(DATA TO EXAMINE):
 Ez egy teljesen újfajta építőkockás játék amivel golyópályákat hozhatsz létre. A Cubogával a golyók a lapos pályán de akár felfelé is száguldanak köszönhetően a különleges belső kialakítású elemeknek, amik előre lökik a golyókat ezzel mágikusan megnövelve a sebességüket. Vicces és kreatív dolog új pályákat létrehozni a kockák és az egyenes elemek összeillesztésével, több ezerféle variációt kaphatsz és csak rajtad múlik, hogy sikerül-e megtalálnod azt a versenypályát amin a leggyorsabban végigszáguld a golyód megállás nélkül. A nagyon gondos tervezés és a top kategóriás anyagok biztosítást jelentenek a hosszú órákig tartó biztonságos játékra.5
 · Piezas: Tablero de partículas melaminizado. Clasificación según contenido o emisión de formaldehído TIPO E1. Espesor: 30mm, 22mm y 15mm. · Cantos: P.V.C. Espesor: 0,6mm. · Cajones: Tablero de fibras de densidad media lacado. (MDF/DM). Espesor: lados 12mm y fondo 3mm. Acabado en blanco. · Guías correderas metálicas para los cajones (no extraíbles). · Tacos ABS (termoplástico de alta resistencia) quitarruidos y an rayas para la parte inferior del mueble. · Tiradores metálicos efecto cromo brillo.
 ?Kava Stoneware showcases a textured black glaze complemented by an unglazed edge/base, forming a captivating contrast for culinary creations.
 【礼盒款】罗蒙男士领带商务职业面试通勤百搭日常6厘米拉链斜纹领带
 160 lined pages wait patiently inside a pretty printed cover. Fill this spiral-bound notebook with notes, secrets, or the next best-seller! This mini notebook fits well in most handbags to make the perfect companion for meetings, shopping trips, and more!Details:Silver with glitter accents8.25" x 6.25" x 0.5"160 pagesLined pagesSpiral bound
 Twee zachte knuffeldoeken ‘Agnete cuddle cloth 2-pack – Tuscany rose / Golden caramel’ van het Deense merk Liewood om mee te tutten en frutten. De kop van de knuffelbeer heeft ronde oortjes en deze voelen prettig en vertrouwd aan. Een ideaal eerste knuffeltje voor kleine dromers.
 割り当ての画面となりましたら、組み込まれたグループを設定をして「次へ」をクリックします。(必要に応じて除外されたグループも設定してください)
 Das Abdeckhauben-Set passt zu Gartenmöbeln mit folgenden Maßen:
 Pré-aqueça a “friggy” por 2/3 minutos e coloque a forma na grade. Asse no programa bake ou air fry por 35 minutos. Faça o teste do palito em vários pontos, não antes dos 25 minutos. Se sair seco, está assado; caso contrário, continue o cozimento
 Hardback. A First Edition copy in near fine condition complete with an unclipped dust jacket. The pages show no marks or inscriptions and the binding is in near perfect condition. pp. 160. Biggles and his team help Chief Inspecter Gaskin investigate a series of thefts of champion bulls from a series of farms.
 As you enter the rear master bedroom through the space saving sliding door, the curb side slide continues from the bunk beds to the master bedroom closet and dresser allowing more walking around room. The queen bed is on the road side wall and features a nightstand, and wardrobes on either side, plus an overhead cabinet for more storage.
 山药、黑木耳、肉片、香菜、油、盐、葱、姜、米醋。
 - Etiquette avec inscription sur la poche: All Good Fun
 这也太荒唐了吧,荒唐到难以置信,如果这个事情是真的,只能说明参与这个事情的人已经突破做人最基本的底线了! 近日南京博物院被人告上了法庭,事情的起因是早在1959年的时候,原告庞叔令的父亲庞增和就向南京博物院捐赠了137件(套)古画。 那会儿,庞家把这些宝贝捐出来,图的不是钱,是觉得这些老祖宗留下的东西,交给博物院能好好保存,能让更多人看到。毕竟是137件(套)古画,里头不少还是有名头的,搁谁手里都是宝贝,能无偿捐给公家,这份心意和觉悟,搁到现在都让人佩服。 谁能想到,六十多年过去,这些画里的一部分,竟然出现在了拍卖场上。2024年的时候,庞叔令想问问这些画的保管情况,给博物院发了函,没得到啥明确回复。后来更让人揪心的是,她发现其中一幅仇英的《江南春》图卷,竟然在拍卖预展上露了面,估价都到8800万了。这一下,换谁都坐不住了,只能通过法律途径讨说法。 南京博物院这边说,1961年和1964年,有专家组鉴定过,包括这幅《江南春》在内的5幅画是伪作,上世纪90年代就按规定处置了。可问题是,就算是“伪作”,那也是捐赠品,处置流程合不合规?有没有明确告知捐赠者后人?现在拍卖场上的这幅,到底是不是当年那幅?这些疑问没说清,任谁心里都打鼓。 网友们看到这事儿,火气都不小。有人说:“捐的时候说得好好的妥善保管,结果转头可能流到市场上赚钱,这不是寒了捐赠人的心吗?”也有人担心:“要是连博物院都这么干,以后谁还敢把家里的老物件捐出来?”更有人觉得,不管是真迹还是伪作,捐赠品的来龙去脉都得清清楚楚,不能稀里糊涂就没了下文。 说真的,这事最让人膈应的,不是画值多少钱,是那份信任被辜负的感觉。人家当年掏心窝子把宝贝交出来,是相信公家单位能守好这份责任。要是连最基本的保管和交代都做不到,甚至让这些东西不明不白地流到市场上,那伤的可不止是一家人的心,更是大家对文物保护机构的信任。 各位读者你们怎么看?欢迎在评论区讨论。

(ABOUT THIS EXERCISE):
Take the line containing "山药、黑木耳、肉片、香菜、油、盐、葱、姜、米醋。" as the start and the last line of the data as the end, and reproduce that range exactly.

(EXERCISE SOLUTION):
 山药、黑木耳、肉片、香菜、油、盐、葱、姜、米醋。
 - Etiquette avec inscription sur la poche: All Good Fun
 这也太荒唐了吧,荒唐到难以置信,如果这个事情是真的,只能说明参与这个事情的人已经突破做人最基本的底线了! 近日南京博物院被人告上了法庭,事情的起因是早在1959年的时候,原告庞叔令的父亲庞增和就向南京博物院捐赠了137件(套)古画。 那会儿,庞家把这些宝贝捐出来,图的不是钱,是觉得这些老祖宗留下的东西,交给博物院能好好保存,能让更多人看到。毕竟是137件(套)古画,里头不少还是有名头的,搁谁手里都是宝贝,能无偿捐给公家,这份心意和觉悟,搁到现在都让人佩服。 谁能想到,六十多年过去,这些画里的一部分,竟然出现在了拍卖场上。2024年的时候,庞叔令想问问这些画的保管情况,给博物院发了函,没得到啥明确回复。后来更让人揪心的是,她发现其中一幅仇英的《江南春》图卷,竟然在拍卖预展上露了面,估价都到8800万了。这一下,换谁都坐不住了,只能通过法律途径讨说法。 南京博物院这边说,1961年和1964年,有专家组鉴定过,包括这幅《江南春》在内的5幅画是伪作,上世纪90年代就按规定处置了。可问题是,就算是“伪作”,那也是捐赠品,处置流程合不合规?有没有明确告知捐赠者后人?现在拍卖场上的这幅,到底是不是当年那幅?这些疑问没说清,任谁心里都打鼓。 网友们看到这事儿,火气都不小。有人说:“捐的时候说得好好的妥善保管,结果转头可能流到市场上赚钱,这不是寒了捐赠人的心吗?”也有人担心:“要是连博物院都这么干,以后谁还敢把家里的老物件捐出来?”更有人觉得,不管是真迹还是伪作,捐赠品的来龙去脉都得清清楚楚,不能稀里糊涂就没了下文。 说真的,这事最让人膈应的,不是画值多少钱,是那份信任被辜负的感觉。人家当年掏心窝子把宝贝交出来,是相信公家单位能守好这份责任。要是连最基本的保管和交代都做不到,甚至让这些东西不明不白地流到市场上,那伤的可不止是一家人的心,更是大家对文物保护机构的信任。 各位读者你们怎么看?欢迎在评论区讨论。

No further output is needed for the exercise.